I assume we can get a better idea on where the EPERM comes from using stap/ftrace.

When attaching the snapshot to the backup VM, it looks like qemu is able to open the first image of the chain, and the subsequent one fails:

Could not open backing file: Could not open '/rhev/data-center/58bdc405-028f-00dc-0026-0000000000aa/a3a4dfce-ca1b-4453-a40b-dc43c4f2191a/images/1c28bd60-8556-40fd-8229-f52bdd51ca7a/25165986-adaa-4454-a7de-2d757b34e8f5': Operation not permitted

Comment 2 Raz Tamir 2017-12-19 12:02:45 UTC
(In reply to Germano Veit Michel from comment #1)
> These versions also reproduce the issue:
> 
> libvirt-daemon-kvm-3.2.0-14.el7_4.3.x86_64
> systemd-219-42.el7_4.4.x86_64
> vdsm-4.19.36-1.el7ev.x86_64
> 
> We also have report that the operation succeeds in case the backup vm
> (commvault) and the vm being snapshoted run on the same host.
> 
> Raz, somehow I can't reproduce this.
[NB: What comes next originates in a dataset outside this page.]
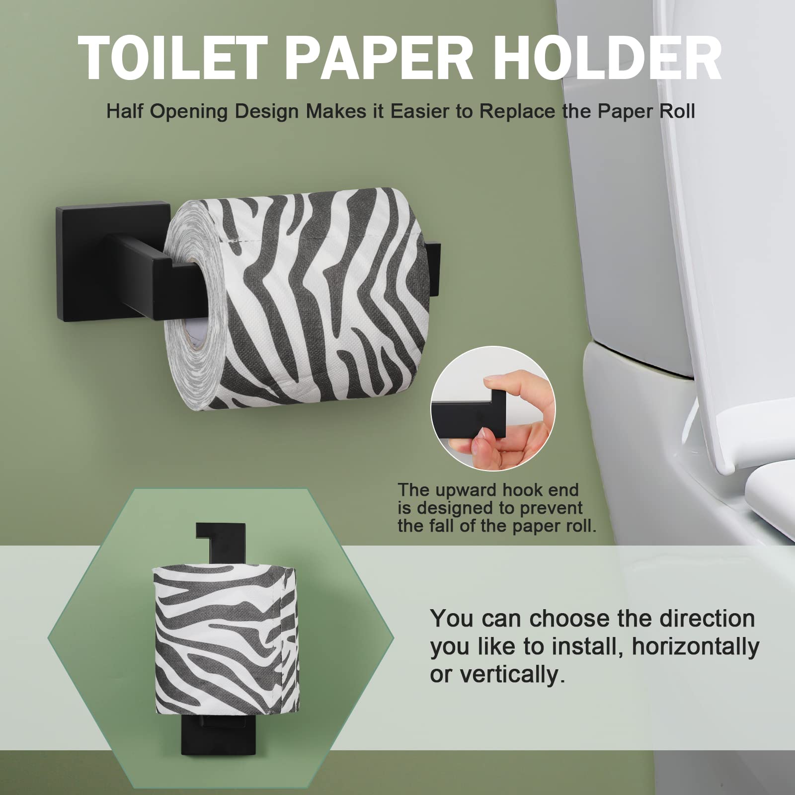 - SPACE-SAVING TOWEL BAR - The square hook is a handy place to store your robe or towel between showers, the toilet paper dispenser can offer excellent support to a roll with a maximum length of up to 4-3/4". The towel ring and towel bar are handy places to store your towels and washed clothes that keep your towels dry and within reach.

Could you please give me access to your
> reproduction env? 
I'm not sure you are trying the same scenario mentioned in the original bug
What are the steps you are doing?
> I assume we can get a better idea on where the EPERM comes from using
> stap/ftrace.
> 
> When attaching the snapshot to the backup VM, it looks like qemu is able to
> open the first image of the chain, and the subsequent one fails:
> 
> Could not open backing file: Could not open
> '/rhev/data-center/58bdc405-028f-00dc-0026-0000000000aa/a3a4dfce-ca1b-4453-
> a40b-dc43c4f2191a/images/1c28bd60-8556-40fd-8229-f52bdd51ca7a/25165986-adaa-
> 4454-a7de-2d757b34e8f5': Operation not permitted

Comment 4 Germano Veit Michel 2017-12-20 04:59:12 UTC
(In reply to Raz Tamir from comment #2)
> I'm not sure you are trying the same scenario mentioned in the original bug
> What are the steps you are doing?

I'm using the backup api script in a loop (similar to what Commvault and our customers do). But all the snapshot attachments work. What are you using? This?

> On VM with 4 disks - A, B, C, D where A is the bootable disk with OS. After
> starting the VM, if we will hot-unplug the 3 disks in order B, C and D and
> after that will try to hotplug back disk C, it will fail with:

Comment 5 Raz Tamir 2017-12-20 08:35:30 UTC
(In reply to Germano Veit Michel from comment #4)
> (In reply to Raz Tamir from comment #2)
> > I'm not sure you are trying the same scenario mentioned in the original bug
> > What are the steps you are doing?
> 
> I'm using the backup api script in a loop (similar to what Commvault and our
> customers do). But all the snapshot attachments work. What are you using?
> This?
> 
> > On VM with 4 disks - A, B, C, D where A is the bootable disk with OS. After
> > starting the VM, if we will hot-unplug the 3 disks in order B, C and D and
> > after that will try to hotplug back disk C, it will fail with:

Yes,

You can try step 1 - 3 and only then, use the backup api method and attached the snapshot disk.  I think it will trigger the issue

Comment 6 Germano Veit Michel 2017-12-21 06:42:16 UTC
(In reply to Raz Tamir from comment #5)
> Yes,
> 
> You can try step 1 - 3 and only then, use the backup api method and attached
> the snapshot disk.  I think it will trigger the issue

Thanks Raz, I was finally able to reproduce it.

systemd-219-42.el7_4.4.x86_64
libvirt-daemon-kvm-3.2.0-14.el7_4.5.x86_64
vdsm-4.19.42-1.el7ev.x86_64
kernel-3.10.0-693.11.1.el7.x86_64
qemu-kvm-rhev-2.9.0-16.el7_4.11.x86_64

It seems only reproducible on Block Storage (on NFS I could not).

These are the conditions I found:
VM with 4 disks, A, B, C, D
Boot
Unplug B, C an D
All hotplugs will fail unless I hotplug B. If B is plugged, the other 2 seem to work.
May not be 100% accurate, but it's what I found after playing with it.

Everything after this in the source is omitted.